DATA BLOCK:
◇ ◇ ◇

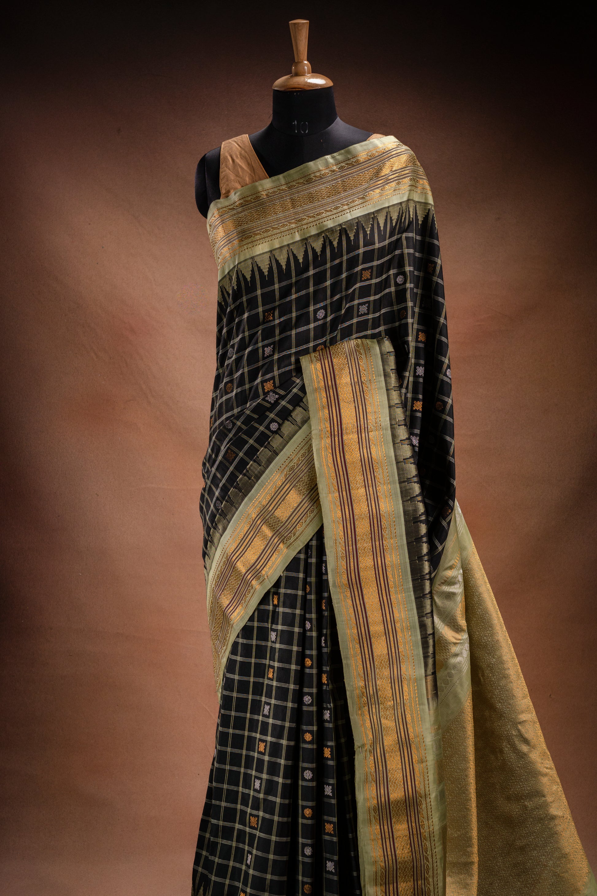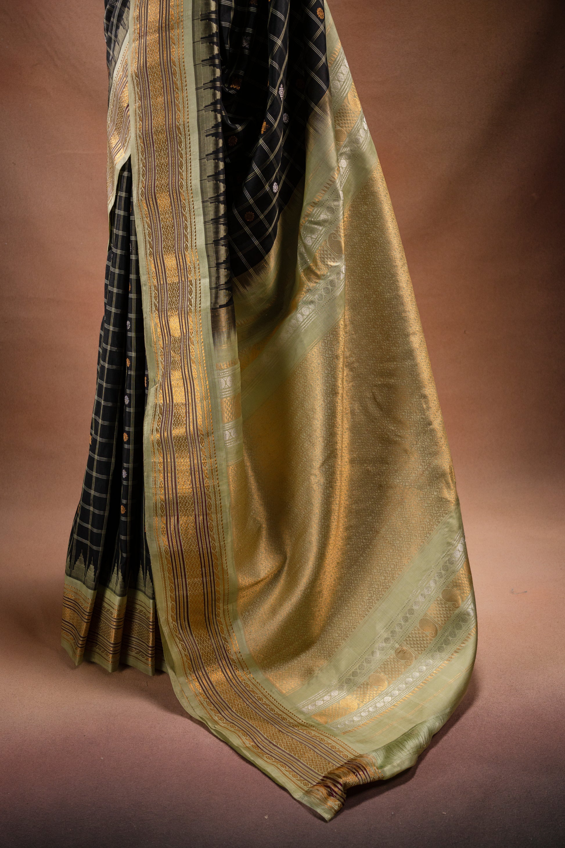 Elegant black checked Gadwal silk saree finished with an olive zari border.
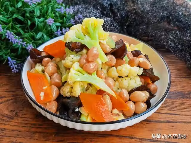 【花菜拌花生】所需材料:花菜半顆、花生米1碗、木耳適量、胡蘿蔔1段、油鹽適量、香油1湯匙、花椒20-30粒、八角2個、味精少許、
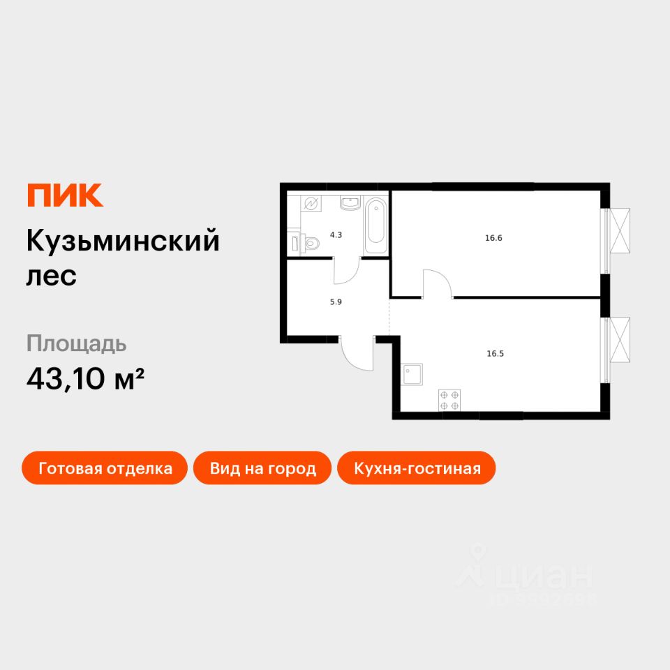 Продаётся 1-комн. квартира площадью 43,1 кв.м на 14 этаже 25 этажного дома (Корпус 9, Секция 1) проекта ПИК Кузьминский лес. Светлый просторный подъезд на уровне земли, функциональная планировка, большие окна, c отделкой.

◇ ◇ ◇

WHAT IS BEING ASKED: Print the full listing again exactly, and drop every image from it.

ANSWER SECTION:
 Elegant black checked Gadwal silk saree finished with an olive zari border.
 【花菜拌花生】所需材料:花菜半顆、花生米1碗、木耳適量、胡蘿蔔1段、油鹽適量、香油1湯匙、花椒20-30粒、八角2個、味精少許、
 Продаётся 1-комн. квартира площадью 43,1 кв.м на 14 этаже 25 этажного дома (Корпус 9, Секция 1) проекта ПИК Кузьминский лес. Светлый просторный подъезд на уровне земли, функциональная планировка, большие окна, c отделкой.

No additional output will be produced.